* The data
○ ○ ○ ○ ○
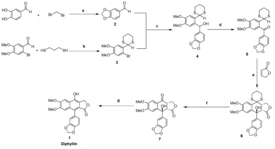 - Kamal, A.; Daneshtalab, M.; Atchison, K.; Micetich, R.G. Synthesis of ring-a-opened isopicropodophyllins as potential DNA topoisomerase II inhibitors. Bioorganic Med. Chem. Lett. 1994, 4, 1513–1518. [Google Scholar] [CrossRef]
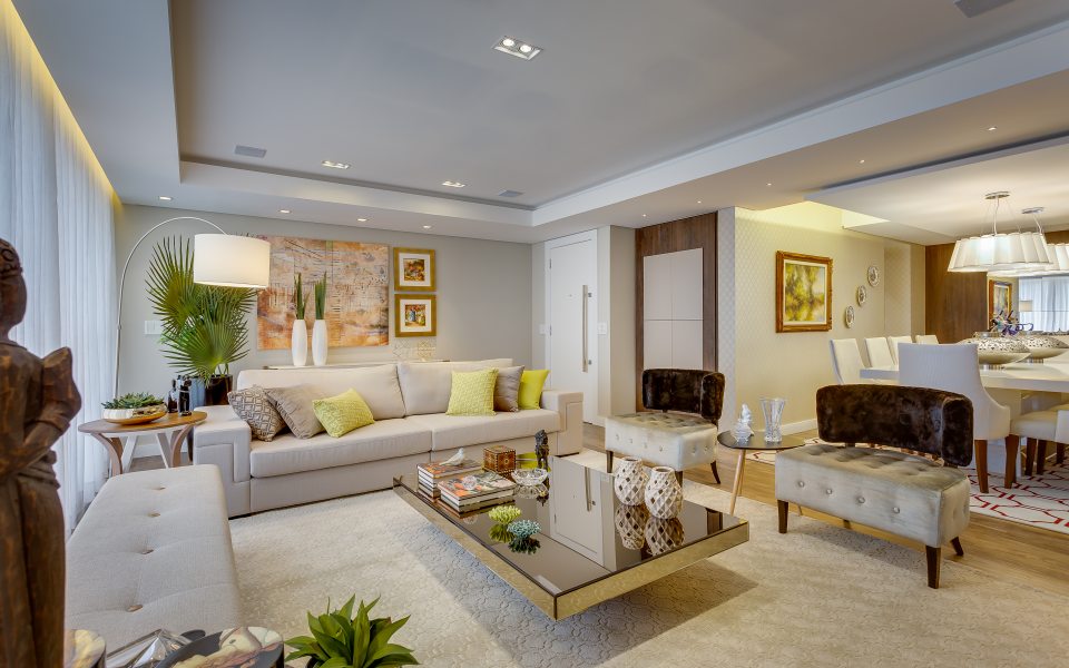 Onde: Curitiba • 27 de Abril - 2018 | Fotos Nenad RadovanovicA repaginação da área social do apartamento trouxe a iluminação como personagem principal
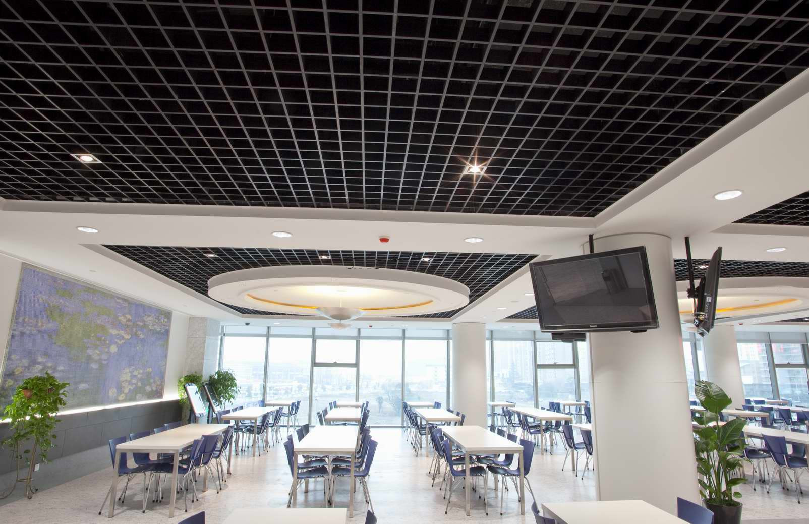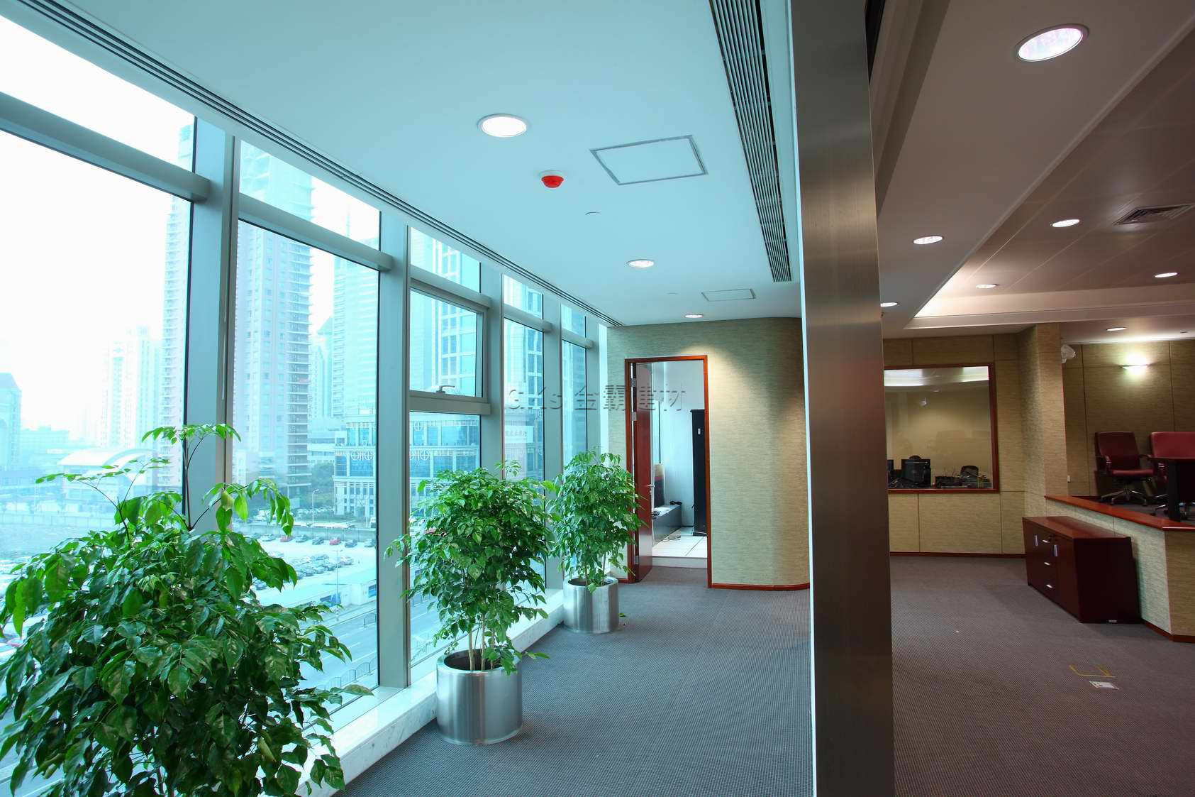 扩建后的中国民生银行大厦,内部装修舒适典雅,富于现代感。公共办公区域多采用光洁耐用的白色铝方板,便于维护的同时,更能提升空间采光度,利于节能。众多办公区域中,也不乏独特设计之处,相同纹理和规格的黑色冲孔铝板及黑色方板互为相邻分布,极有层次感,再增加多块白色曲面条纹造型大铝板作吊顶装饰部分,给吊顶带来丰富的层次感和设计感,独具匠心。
○ ○ ○ ○ ○
* Your task
The reply should consist only of the lines from the top of the material above through the line with "Onde: Curitiba •", printed exactly, pictures omitted.

* Reply to the task
 - Kamal, A.; Daneshtalab, M.; Atchison, K.; Micetich, R.G. Synthesis of ring-a-opened isopicropodophyllins as potential DNA topoisomerase II inhibitors. Bioorganic Med. Chem. Lett. 1994, 4, 1513–1518. [Google Scholar] [CrossRef]
 Onde: Curitiba • 27 de Abril - 2018 | Fotos Nenad RadovanovicA repaginação da área social do apartamento trouxe a iluminação como personagem principal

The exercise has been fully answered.